What is your favorite style to deal with this, or the idiomatic/recommended style? f1, f2, f3, or yet another approach I’m not aware of?
type sign = Negative | Nonnegative
let g x = if x < 0 then Negative else Nonnegative
let f4 x =
...
match s with
| Negative -> "(negative)"
| Nonnegative -> "(positive)"
if that’s really not an option for you then
let f5 x =
...
match s with
| -1 -> "(negative)"
| 1 -> "(positive)"
| s -> failwith ("f5: g returned non-sign result: " ^ Int.to_string s)
In my use case I actually deal with a function that returns -1, 0, or 1 that resembles the sign of a number, which seems to be quite idiomatic (compare Q.sign) for example. In some cases, I know the value can’t be 0 (e.g. because I previously have to divide by that number). Also, I multiply several values of that kind, so that comes in handy too: sign x * sign y * sign z. Maybe I should use an enum and a custom operator instead, but not sure.
That is a bit of extra work having to provide explanations for every case where I would prefer to actually save some effort by not catching all cases.
I wished there was an easier way to sort-of “assert” that a partial-pattern match is exhaustive.
I normally use assert false. The precise exception is is not very important to me, since it is not supposed to ever happen. If I made a mistake and it triggers, all I am interested in is a proper backtrace, which any exception will provide.
Re-thinking about it, maybe assert false is the right thing to use, because I would generally use that when I run into a branch / piece of code that should never be reached. Also, the manual explicitly mentions using assert false in match branches:
As a special case, assert false is reduced to raise (Assert_failure ...), which gives it a polymorphic type. This means that it can be used in place of any expression (for example as a branch of any pattern-matching).
I found another source comparing assert false and failwith …: The docs on error handling, section “Assertions”:
Writing assert false would just stop your program.
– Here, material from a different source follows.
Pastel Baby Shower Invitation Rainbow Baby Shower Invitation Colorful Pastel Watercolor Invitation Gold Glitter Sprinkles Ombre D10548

This idiom is sometimes used to indicate dead code, parts of the program that must be written (often for type checking or pattern matching completeness) but are unreachable at run time.
[…]
When the execution reaches conditions which can’t be handled, the right thing to do is to throw a Failure, by calling failwith "error message". Assertions aren’t meant to handle those cases.
(Side note: I think maybe it should read “unreachable code”, not “dead code” above.)
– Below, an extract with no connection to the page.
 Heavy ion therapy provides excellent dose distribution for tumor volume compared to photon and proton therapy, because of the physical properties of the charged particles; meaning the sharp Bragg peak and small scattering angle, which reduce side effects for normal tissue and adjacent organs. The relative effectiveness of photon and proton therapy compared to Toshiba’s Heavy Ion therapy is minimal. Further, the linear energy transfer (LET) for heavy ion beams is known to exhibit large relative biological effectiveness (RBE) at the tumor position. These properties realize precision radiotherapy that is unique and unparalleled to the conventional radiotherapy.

So to my understanding it’s like this now:
Use assert false for unreachable code, i.e. code that should (if the program is written correctly) never be reached.
Use failwith … for conditions that can’t be handled, e.g. not-yet-implemented requests.
The difference would be: assert false shall never be reached (and in theory the compiler could even use that for optimization when assertion checks are disabled, even though OCaml doesn’t do that). In contrast, failwith …, is more like a generic run-time exception. Something that can actually happen and needs to raise an error.
I would probably consider using failwith … when I depend on behavior of a third-party library. I.e. in the example of my original post, if function g was a library function, then this seems to be a nice choice:
But if g and f are part of the same code section, maybe even in the same function, then assert false seems to be the better choice to me.
That’s what I often did in other programming languages; I guess it’s a valid option. But the intent to the reader is perhaps less clear. Let me share the real-world code I’m having:
match min_or_max with
| -1 -> if not Ops.(bound' >= !bound) then bound := bound'
| 1 -> if not Ops.(bound' <= !bound) then bound := bound'
| _ -> assert false)
I could make this:
if min_or_max < 0 (
if not Ops.(bound' >= !bound) then bound := bound'
) else (
if not Ops.(bound' <= !bound) then bound := bound'
)
But I feel like the intent is less clear in the second case.
AFAIU, If using something with the semantics of compare to get min_or_max, then the correct way to process the result is to use an inequality because
compare x y returns 0 if x is equal to y, a negative integer if x is less than y, and a positive integer if x is greater than y
I.e., checking only for -1 or 1 does not cover the specified range of possible values, but using inequalities to check for positive or negative values does.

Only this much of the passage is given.